Brizard vows to make all students safe
By: Meghan Backus
Updated: February 7, 2008
Superintendent Jean-Claude Brizard wants to make every school in the
“Safety is not a sentry’s job, it's everybody's job,” he said. “It's not a principal’s job, it's a teacher's job."
Brizard says it takes an entire community to ensure each and every student feels safe at school, so starting in early March, a team of sentry and police officers, community members and teachers will go into city schools and conduct a safety audit.
“What that audit looks at is everything from teaching and learning and what happens in the classroom to what happens in the bathroom to graffiti on the walls to the number of suspensions, to the entry procedures, to the exit procedures.”
Last year, Roberto Clemente School Number 8 was the only upstate elementary school to be put on the state's persistently dangerous schools list. During the previous two academic years, the school reported 317 incidents of violence.
Brizard says his first plan of action is to find out where those incidents are taking place.
"For example, if you're pulling data from one particular school, you see the majority of fights are in the cafeteria, you begin to find out why,” he said.
And when he finds out why, he vows to make changes to keep students from getting into trouble.

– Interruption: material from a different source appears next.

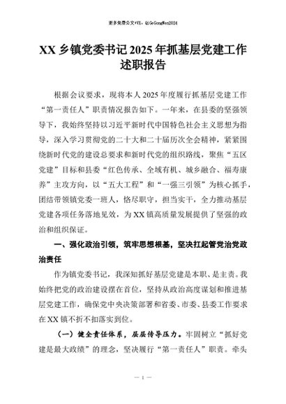 / 【七哥公文】2025年:XX乡镇党委书记2025年抓基层党建工作述职报告+更多免费公文+VX:QiGeGongWen2024
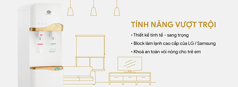 ♦ Trang bị khóa an toàn vòi nóng và block làm lạnh êm ái, tiết kiệm điện.

“We can bring in games like checkers or television, cable television,” Brizard said. “You make that time much more productive in other words."
Brizard will have some help from the newly appointed director of security. He says James Sheppard, a Rochester Police Department veteran, will help to train and professionalize sentries and weed out the officers who aren't doing the job well.
Brizard also plans to work with captains of the police department and community leaders in ensuring kids are safe before they even get to school.
“(It’s about) making sure our kids our safe from the moment they walk out the door into our school door."